Conference: ICLR 2026
OpenReview: https://openreview.net/forum?id=lh3Aa1u7kU
Code: https://github.com/Clement25/SharedLLM
Area: LLM Efficiency
Keywords: Context Window Extension, Long Context Compression, KV Sharing, Context Tree, Self-Injection

TL;DR

SHAREDLLM stacks a single short-context LLM into two parts: a "lower-layer compressor" and an "upper-layer decoder." The lower layer compresses long inputs into coarse-to-fine multi-granularity context trees and "self-injects" KV pairs into the upper layer only at the bottom few layers. This enables extrapolation to 128K using only 8K sequence training, achieving 2× speedup over streaming methods and 3× over encoder-decoder architectures, while maintaining equal or superior performance.

Background & Motivation

Background: Extending the context window of LLMs from a few thousand to 128K tokens currently follows three main paths: 1) Continual pre-training on long corpora combined with RoPE interpolation (PI, YaRN) for "train short, test long" extrapolation; 2) Prompt compression using semantic tokens to replace long prompts; 3) Modifying Transformers for streaming processing (StreamingLLM, Activation Beacon) to maintain a constant-sized sliding window memory.

Limitations of Prior Work: The first path is prohibitively expensive; for instance, reaching 128K with YaRN requires pre-training on 64K lengths, posing immense data and compute costs. Prompt compression only accelerates inference without true window extension and has narrow applicability. While streaming methods maintain constant memory, their specialized attention patterns are often incompatible with high-performance implementations like FlashAttention, causing benchmarks to slow down as input length increases.

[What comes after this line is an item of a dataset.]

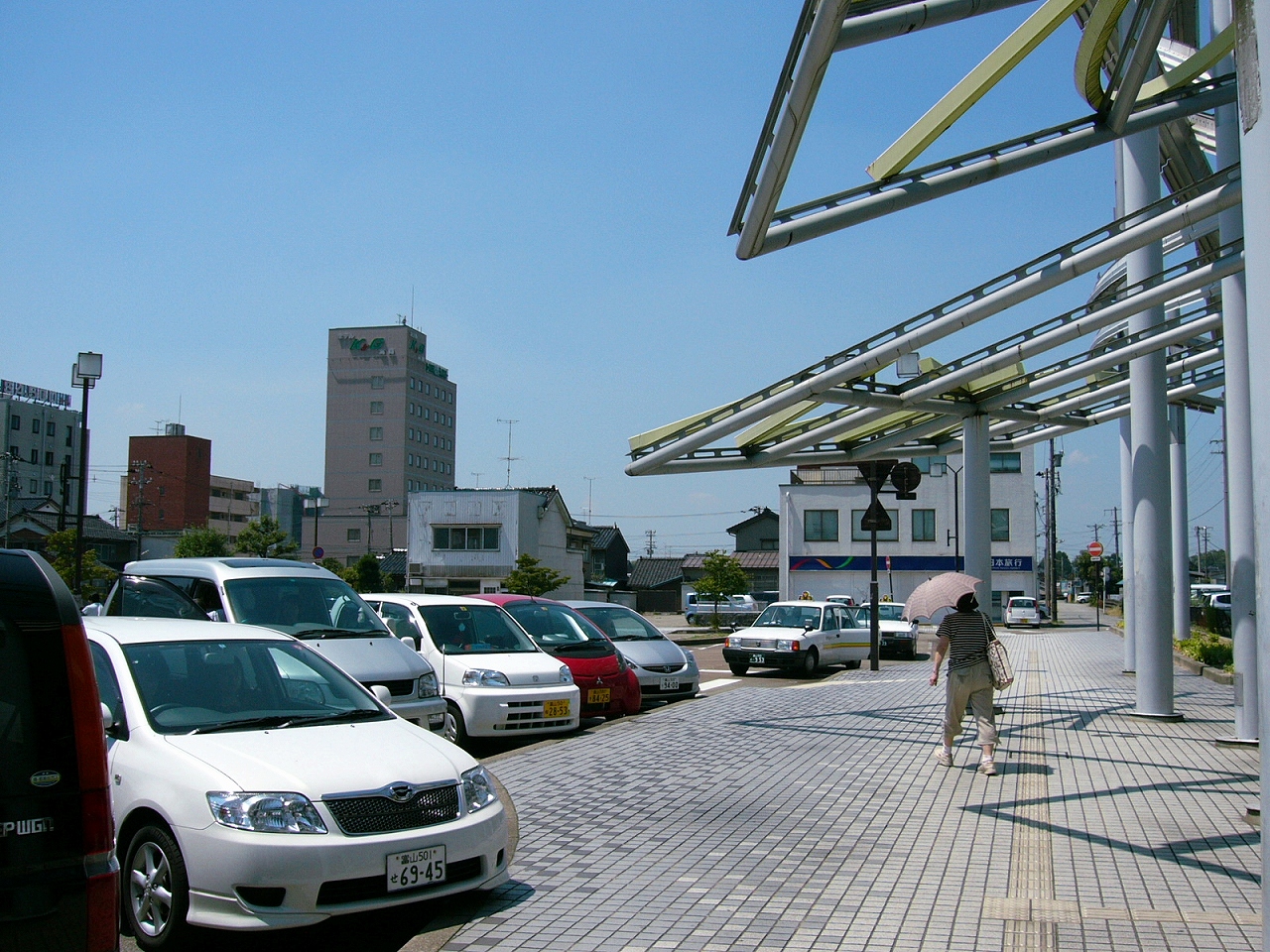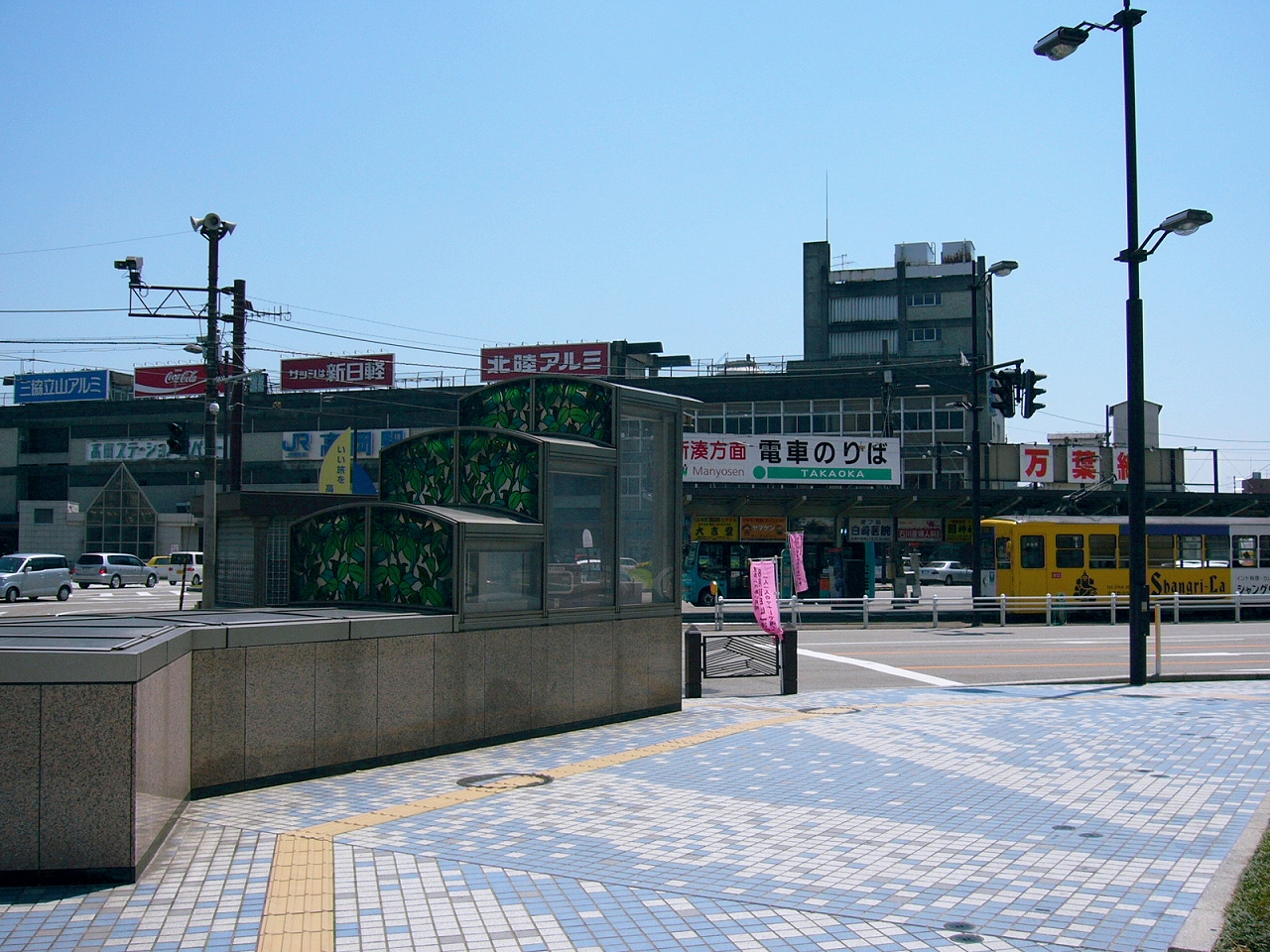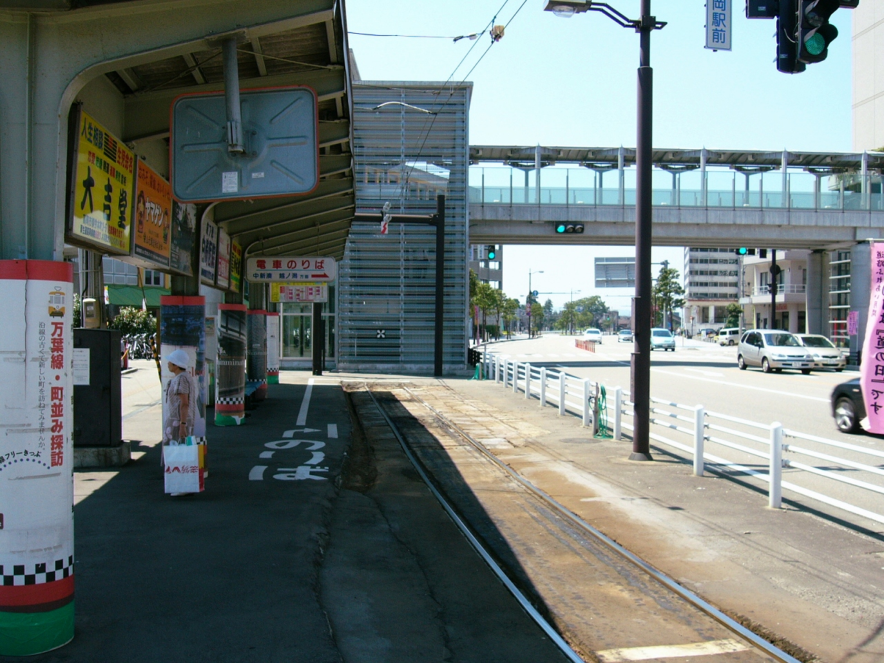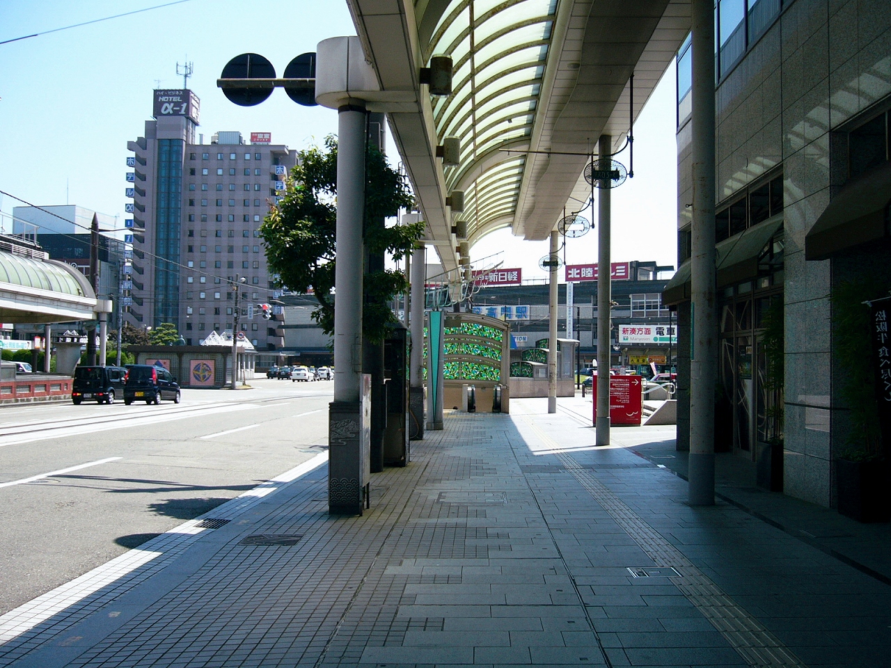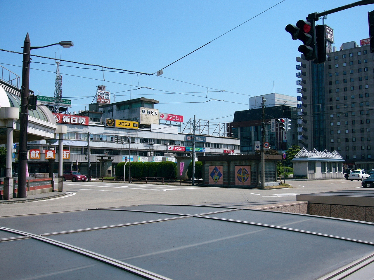 外に出たら出たで、むうっと息苦しい。初めだけかと思ったらそうではなく、ずっと息苦しく、こんな中歩くのが現実だった。暑いけど駅前はすばらしかった。駅ビルの建物そのものはまだなんとか持つとして、斜向かいのアドニスビルは、もうかなり老朽しているのだが、駅前花壇が色鮮やかで、ガラスの新しいビルも建っている。こんなに新旧の混淆の上手なところはないように見えた。なぜか風景が飛び出すように立体的だ。ビルはそうしてだめなものもあるが、転回場はきちんと整備されているし、駅舎の軒下からそのまま入れる地下街への大階段など、すでに都会の気風を有している。そして路面電車の小さな万葉線乗り場。離れいてるのに駅を出てすぐ、すぐ目に付く。ちょっと歩いて覗きに行くと、がたがたのコンクリートに二条のレールが埋まっている。そして路面を這うようにポートラムがカーブして走り去るのでした。新しきものと古きもの。絶妙、とはこのことかしら。

Encoder-decoder approaches (CEPE) feed context into an independent encoder (e.g., 24-layer RoBERTa), but the latent space mismatch between the encoder and decoder necessitates a heavy warmup phase for alignment, complicating the training pipeline.

Key Challenge: Extending context windows is essentially a trade-off between "efficiency" and "performance." Scrimping on memory requires compression or streaming, which either loses information or breaks the hardware-friendliness of attention mechanisms. Preserving performance usually requires full-token processing, leading back to quadratic complexity. Existing methods fail to optimize both ends simultaneously.

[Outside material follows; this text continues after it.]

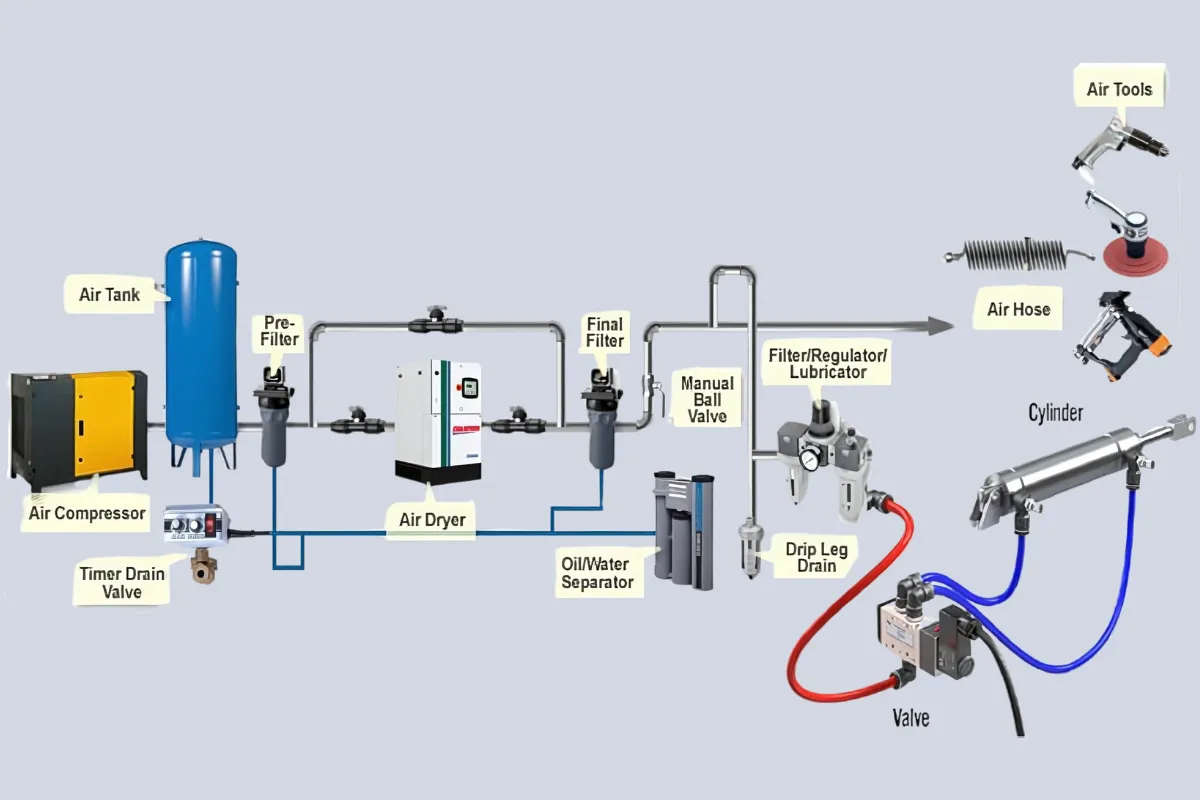 سیستم با کمپرسور هوا آغاز میشود که وظیفهاش تولید و فشردهسازی هوا است. این دستگاه هوای محیط را میگیرد و تحت فشار قرار میدهد تا برای استفاده در سیستم پنوماتیک آماده شود.

Goal: The objective is to compress long inputs into controllable memory while preserving performance on downstream long-context tasks, achieving high execution speed without expensive long-sequence pre-training or heterogeneous encoders.

Key Insight: The authors observed a neglected fact: if the compressor and decoder are initialized with weights from the same LLM, their latent spaces are naturally aligned, eliminating the need for warmup. Combined with the uneven distribution of "task-relevant information" in long texts (e.g., looking at topic sentences for summaries vs. details for key retrieval), a tree structure can be used for coarse-to-fine multi-granularity compression. This allows the model to adaptively decide where to be precise or coarse based on the query.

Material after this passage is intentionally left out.